[Records drawn from a dataset]
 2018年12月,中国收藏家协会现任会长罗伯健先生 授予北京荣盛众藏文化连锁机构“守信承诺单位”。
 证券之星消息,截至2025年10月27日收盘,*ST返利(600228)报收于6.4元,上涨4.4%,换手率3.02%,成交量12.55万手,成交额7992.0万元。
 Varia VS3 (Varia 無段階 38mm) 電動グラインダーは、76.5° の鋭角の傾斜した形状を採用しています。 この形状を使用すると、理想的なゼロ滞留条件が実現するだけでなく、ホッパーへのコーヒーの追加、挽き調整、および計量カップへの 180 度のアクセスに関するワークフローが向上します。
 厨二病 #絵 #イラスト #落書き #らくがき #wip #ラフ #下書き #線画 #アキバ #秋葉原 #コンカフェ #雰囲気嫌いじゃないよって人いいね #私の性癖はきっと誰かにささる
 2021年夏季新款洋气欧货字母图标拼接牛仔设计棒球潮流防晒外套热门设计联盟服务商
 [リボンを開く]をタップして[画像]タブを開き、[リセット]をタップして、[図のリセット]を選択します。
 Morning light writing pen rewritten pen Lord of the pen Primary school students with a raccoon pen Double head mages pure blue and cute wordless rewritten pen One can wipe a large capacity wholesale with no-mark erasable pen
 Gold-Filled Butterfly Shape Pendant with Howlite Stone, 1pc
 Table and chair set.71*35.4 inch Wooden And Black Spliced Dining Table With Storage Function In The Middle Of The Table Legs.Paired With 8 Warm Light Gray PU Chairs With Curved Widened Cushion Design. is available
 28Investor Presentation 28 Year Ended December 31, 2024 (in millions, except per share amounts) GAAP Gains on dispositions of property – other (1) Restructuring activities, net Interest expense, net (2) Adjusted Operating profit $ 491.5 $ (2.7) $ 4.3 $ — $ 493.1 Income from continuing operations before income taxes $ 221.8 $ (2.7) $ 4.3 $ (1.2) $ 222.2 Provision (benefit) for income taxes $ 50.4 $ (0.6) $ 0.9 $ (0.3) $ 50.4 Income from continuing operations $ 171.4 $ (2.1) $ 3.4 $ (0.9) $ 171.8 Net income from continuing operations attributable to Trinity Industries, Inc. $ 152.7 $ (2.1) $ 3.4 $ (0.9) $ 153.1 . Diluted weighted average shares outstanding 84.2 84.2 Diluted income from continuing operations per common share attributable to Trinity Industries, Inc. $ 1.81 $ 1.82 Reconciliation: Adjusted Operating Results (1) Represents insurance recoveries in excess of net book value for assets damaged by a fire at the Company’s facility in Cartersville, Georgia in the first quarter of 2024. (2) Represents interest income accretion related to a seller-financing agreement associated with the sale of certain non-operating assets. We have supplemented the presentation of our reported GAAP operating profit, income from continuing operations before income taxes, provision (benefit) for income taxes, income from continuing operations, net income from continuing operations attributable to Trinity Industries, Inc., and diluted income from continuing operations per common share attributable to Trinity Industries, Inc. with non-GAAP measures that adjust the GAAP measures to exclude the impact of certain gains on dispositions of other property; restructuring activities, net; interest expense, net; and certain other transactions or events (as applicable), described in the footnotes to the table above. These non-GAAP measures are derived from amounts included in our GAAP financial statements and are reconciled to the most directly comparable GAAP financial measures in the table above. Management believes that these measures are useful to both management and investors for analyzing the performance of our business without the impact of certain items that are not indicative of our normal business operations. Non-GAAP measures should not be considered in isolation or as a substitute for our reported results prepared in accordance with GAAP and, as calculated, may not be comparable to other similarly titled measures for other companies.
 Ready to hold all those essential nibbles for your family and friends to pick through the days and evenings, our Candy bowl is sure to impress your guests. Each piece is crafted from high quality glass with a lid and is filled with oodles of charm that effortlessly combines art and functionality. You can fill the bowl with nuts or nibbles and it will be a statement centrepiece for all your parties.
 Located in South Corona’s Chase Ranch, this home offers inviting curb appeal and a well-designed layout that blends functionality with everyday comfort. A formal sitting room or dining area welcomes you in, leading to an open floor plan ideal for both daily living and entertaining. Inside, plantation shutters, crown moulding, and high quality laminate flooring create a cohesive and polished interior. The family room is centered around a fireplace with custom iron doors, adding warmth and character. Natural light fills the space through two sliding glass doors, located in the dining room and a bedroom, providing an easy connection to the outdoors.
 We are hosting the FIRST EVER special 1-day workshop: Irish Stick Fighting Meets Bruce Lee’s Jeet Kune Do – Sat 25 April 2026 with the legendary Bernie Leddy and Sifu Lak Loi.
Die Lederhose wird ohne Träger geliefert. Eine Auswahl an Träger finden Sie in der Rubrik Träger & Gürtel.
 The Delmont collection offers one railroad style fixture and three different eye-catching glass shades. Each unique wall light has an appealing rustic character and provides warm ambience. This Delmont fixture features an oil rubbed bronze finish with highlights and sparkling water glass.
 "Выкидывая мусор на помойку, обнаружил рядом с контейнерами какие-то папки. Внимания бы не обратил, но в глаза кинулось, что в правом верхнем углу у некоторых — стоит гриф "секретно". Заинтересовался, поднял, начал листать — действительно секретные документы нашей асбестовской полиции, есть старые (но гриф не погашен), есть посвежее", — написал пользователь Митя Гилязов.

◆ **Exercise**: Start at the line containing "Die Lederhose wird" and transcribe through the end of the entries. Please keep both ends and add nothing.

◆ **Task solution**:
Die Lederhose wird ohne Träger geliefert. Eine Auswahl an Träger finden Sie in der Rubrik Träger & Gürtel.
 The Delmont collection offers one railroad style fixture and three different eye-catching glass shades. Each unique wall light has an appealing rustic character and provides warm ambience. This Delmont fixture features an oil rubbed bronze finish with highlights and sparkling water glass.
 "Выкидывая мусор на помойку, обнаружил рядом с контейнерами какие-то папки. Внимания бы не обратил, но в глаза кинулось, что в правом верхнем углу у некоторых — стоит гриф "секретно". Заинтересовался, поднял, начал листать — действительно секретные документы нашей асбестовской полиции, есть старые (но гриф не погашен), есть посвежее", — написал пользователь Митя Гилязов.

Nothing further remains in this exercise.